TASK PROMPT:
Below are records with pictures. Transcribe exactly, and only, the lines from the line with "Copper Triple Moon" to the line with "Figure 3. (A)", both ends included, but not the pictures.

EXTRACTED INFORMATION:
━━━━━━━━━━

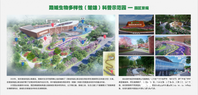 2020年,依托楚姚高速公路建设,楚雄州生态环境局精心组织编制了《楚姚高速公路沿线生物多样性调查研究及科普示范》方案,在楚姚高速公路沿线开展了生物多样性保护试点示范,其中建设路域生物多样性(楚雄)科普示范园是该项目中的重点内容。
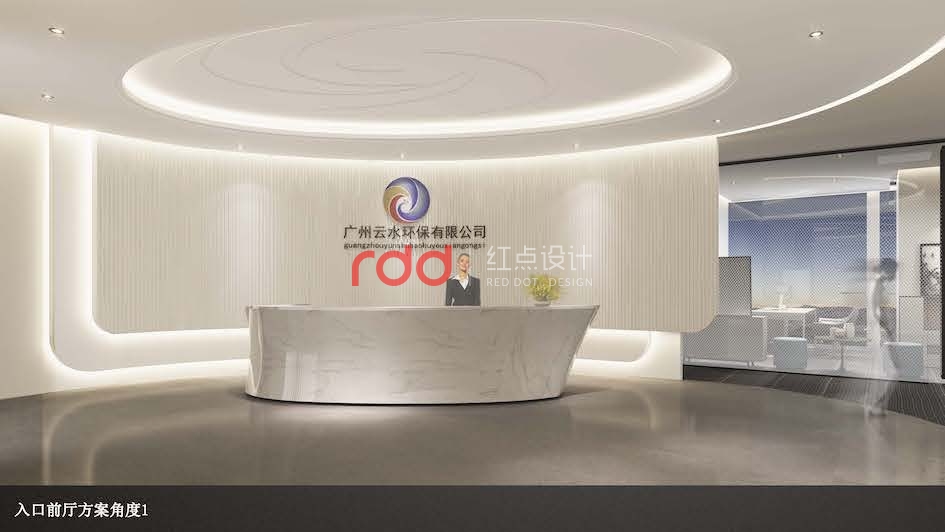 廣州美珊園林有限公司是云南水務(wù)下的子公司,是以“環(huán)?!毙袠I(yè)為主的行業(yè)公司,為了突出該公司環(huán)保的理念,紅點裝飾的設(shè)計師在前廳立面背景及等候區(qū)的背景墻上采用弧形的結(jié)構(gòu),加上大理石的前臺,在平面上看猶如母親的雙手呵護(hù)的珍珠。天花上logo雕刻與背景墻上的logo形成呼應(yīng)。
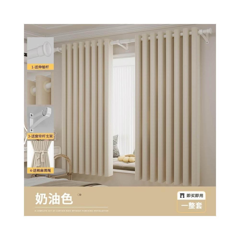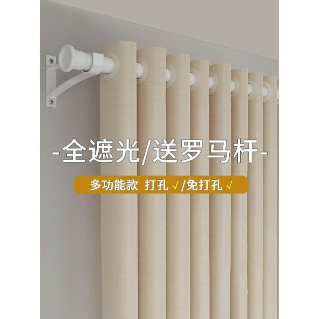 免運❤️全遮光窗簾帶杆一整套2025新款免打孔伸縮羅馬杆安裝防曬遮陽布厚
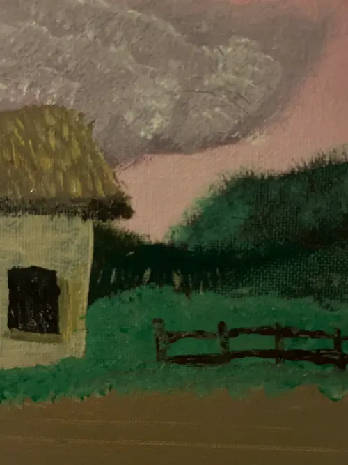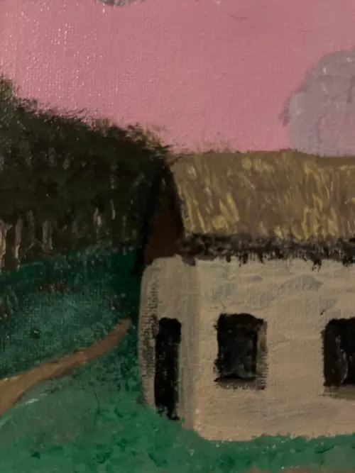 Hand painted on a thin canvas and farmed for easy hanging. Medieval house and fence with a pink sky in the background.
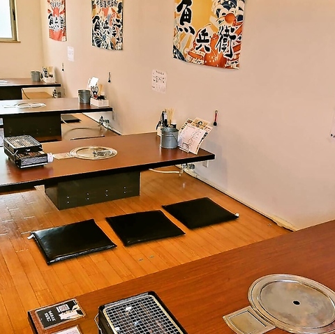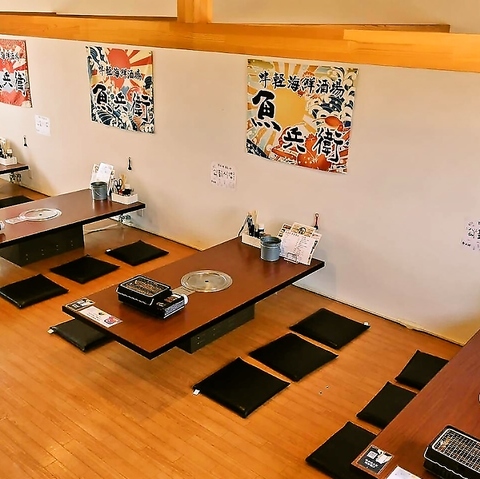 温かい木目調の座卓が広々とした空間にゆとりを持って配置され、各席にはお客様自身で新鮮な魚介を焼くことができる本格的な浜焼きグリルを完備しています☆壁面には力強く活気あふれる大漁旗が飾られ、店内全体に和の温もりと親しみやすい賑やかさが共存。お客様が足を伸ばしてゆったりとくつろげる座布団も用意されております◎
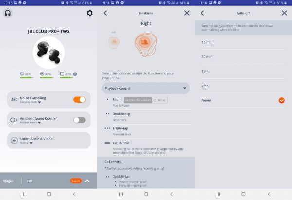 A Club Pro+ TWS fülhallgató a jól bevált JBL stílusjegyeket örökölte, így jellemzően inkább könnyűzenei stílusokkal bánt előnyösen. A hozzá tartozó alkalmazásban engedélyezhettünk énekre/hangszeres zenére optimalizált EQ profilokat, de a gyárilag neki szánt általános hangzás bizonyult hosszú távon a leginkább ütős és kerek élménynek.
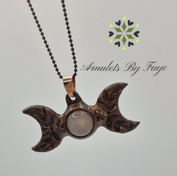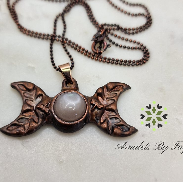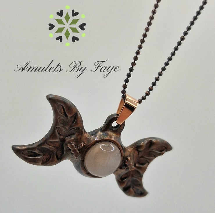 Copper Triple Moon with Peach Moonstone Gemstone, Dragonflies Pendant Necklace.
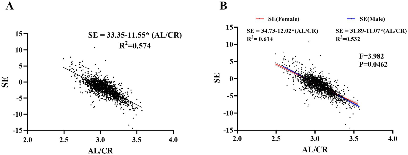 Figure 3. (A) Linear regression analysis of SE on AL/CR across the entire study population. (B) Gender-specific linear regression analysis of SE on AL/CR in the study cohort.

━━━━━━━━━━

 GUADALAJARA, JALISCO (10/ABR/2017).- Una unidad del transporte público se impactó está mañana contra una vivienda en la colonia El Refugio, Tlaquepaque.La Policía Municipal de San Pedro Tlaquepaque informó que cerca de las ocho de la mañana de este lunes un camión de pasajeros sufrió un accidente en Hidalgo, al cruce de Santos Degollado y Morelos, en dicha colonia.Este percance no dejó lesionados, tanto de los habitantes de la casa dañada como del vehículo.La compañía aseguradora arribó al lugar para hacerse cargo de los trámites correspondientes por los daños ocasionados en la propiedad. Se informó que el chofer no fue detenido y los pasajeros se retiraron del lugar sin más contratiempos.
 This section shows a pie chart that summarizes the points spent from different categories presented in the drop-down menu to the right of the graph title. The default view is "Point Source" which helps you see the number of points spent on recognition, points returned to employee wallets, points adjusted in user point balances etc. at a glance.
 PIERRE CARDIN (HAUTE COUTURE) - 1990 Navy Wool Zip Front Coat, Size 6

━━━━━━━━━━

ANSWER SECTION:
 Copper Triple Moon with Peach Moonstone Gemstone, Dragonflies Pendant Necklace.
 Figure 3. (A) Linear regression analysis of SE on AL/CR across the entire study population. (B) Gender-specific linear regression analysis of SE on AL/CR in the study cohort.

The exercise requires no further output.